- **Problem description**:
In the answer, transcribe exactly the lines from the beginning of the material through the line holding "- Espaços integrados", and skip every picture.

- **Supplied information**:
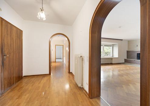 Das Einfamilienhaus mit zwei Einliegerwohnungen wurde 1964 errichtet. Die Immobilie hat insgesamt 13 Zimmer und eine Wohnfläche von 350 m². Das Haus steht auf einem 1.525 m² großen Grundstück. Das Objekt bietet eine solide Basis für Bestandshaltung, Repositionierung oder eine architektonisch geplante Weiterentwicklung.
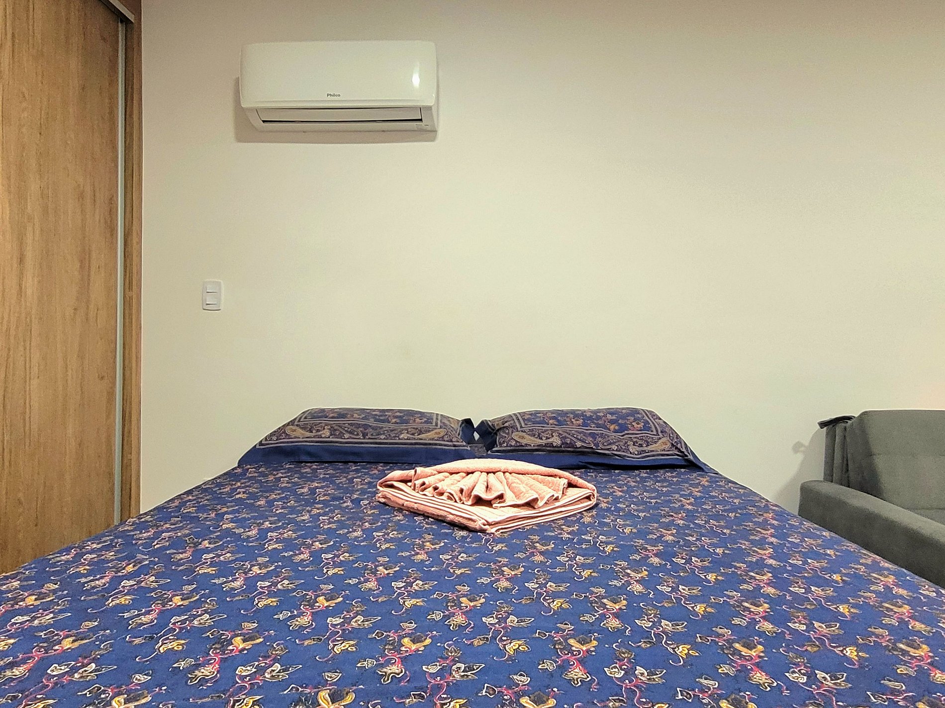 - Espaços integrados (quarto com cama queen e sala de estar com sofá-cama) com armários e guarda-roupas planejados
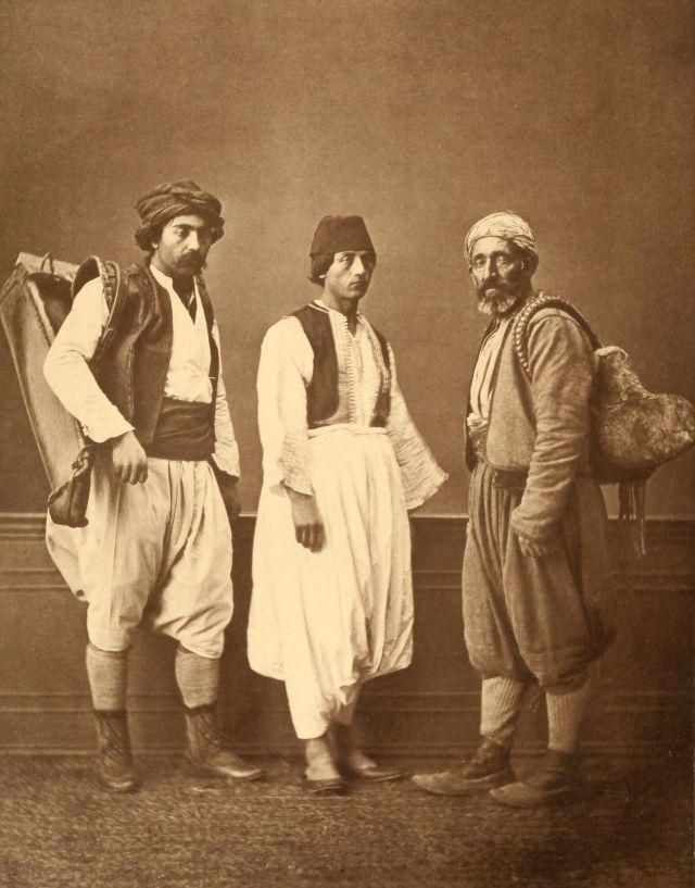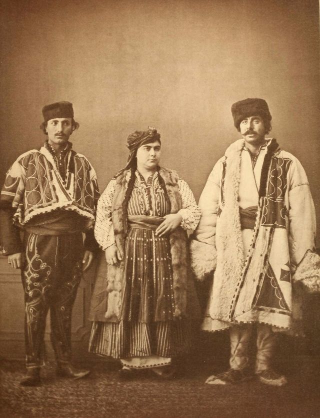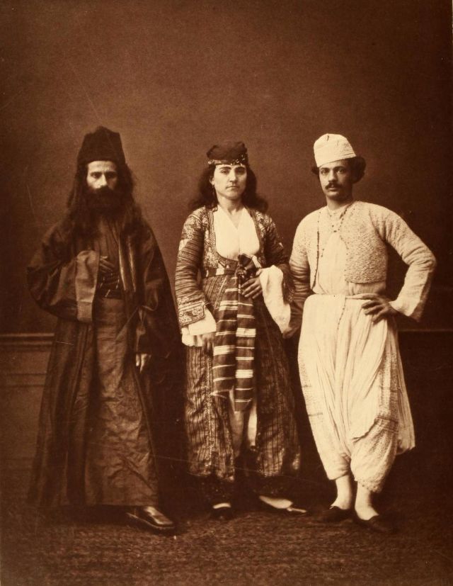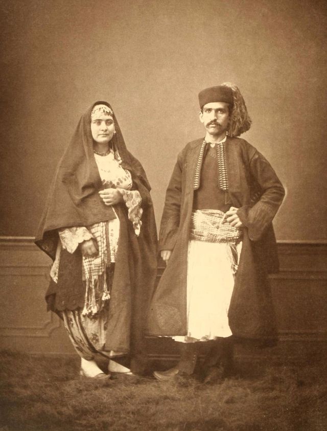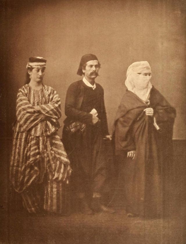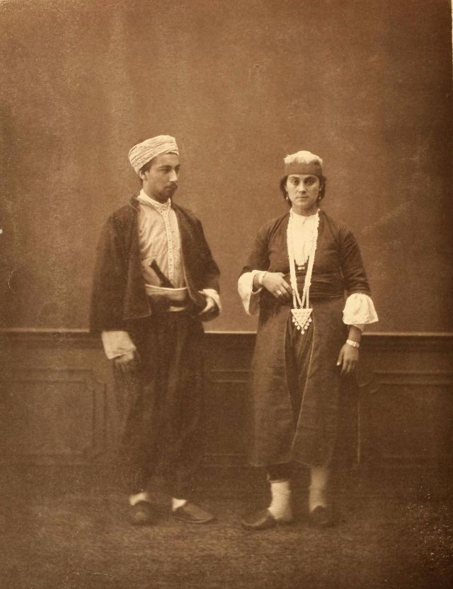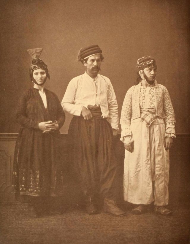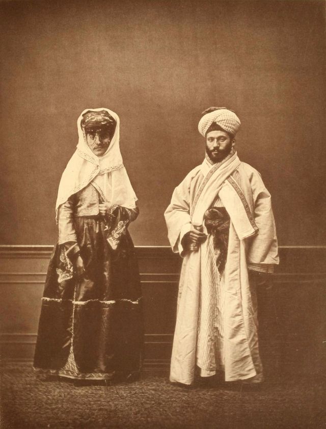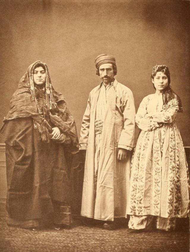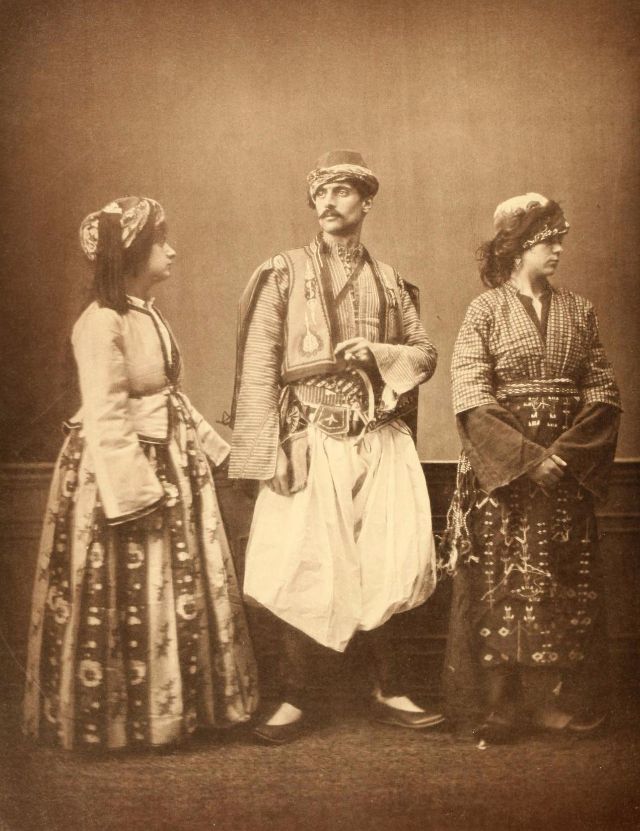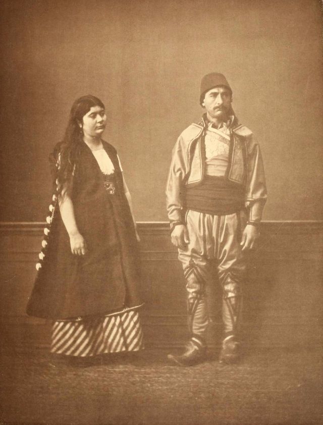 Women’s everyday wear was salvar (trousers), a gömlek (chemise) that came down to the mid-calf or ankle, a short, fitted jacket called a hirka, and a sash or belt tied at or just below the waist. For formal occasions, such as visiting friends, the woman added an entari, a long robe that was cut like the hirka apart from the length. Both hirka and entari were buttoned to the waist, leaving the skirts open in front. Both garments also had buttons all the way to the throat, but were often buttoned only to the underside of the bust, leaving the garments to gape open over the bust. All of these clothes could be brightly colored and patterned. However, when a woman left the house, she covered her clothes with a ferace, a dark, modestly cut robe that buttoned all the way to the throat. She also covered her face with a variety of veils or wraps.
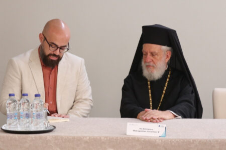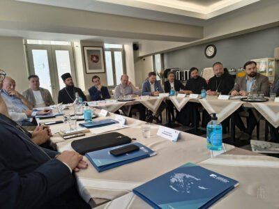 Архимандритот Кирил имаше свое излагање во рамките на третата тематска сесија, насловена Ставот на Црквите кон современите социјални прашања, каде што говореше на тема со наслов: Еден православен одговор на дигиталното доба и современите социо-културни прашања, со посебен акцент на предизвиците кои ги носи брзиот развој на т.н. вештачка интелигенција (AI), односно дигиталните системи базирани на податоци, големите јазични модели (LLM), биоинженерингот, трансхуманизмот и новите форми на виртуелно постоење. Пред учесниците на дискусијата тој го постави прашањето: „Како човекот може да остане личност во светот на алгоритмите и аватарите?“ и пренесувајќи ги размислите на својот старец, Епископот г. Партениј, истакна дека современите дигитални тенденции често тежнеат да го сведат човекот на „корисник“, „профил“ или „сет на податоци“, и на тој начин да ја разбијат неговата онтолошка целосност. Наспрема овие редукционистички модели, Црквата сведочи за човекот како икона Божја, создадена за заедница, за богопричастие и преобразување – не како проект на технологијата, туку како творба повикана кон обожение. Во продолжение, тој стави посебен акцент на православната антропологија, заснована врз воплотувањето Христово, според која човечкото телото не е носител на информации, туку средиште на спасението. Оваа тајна е загрозена во епоха која го одделува телото од искуството и литургиското живеење од личната присутност. „Без тело нема личност; без присутност нема Евхаристија; без Евхаристија – нема вистинска заедница“, подвлече тој. Исто така, тој ја истакна неопходноста од еден обновен аскетизам – не во смисла на бегство од светот, туку како преобразување на секојдневниот живот: пост не само од храна, туку и од врева, од екраните, од дигиталната хиперстимулација. „И во оваа нова епоха, Црквата има што да понуди – внатрешна тишина, молитва, лична присутност и автентичен однос.“

- **Response below**:
 Das Einfamilienhaus mit zwei Einliegerwohnungen wurde 1964 errichtet. Die Immobilie hat insgesamt 13 Zimmer und eine Wohnfläche von 350 m². Das Haus steht auf einem 1.525 m² großen Grundstück. Das Objekt bietet eine solide Basis für Bestandshaltung, Repositionierung oder eine architektonisch geplante Weiterentwicklung.
 - Espaços integrados (quarto com cama queen e sala de estar com sofá-cama) com armários e guarda-roupas planejados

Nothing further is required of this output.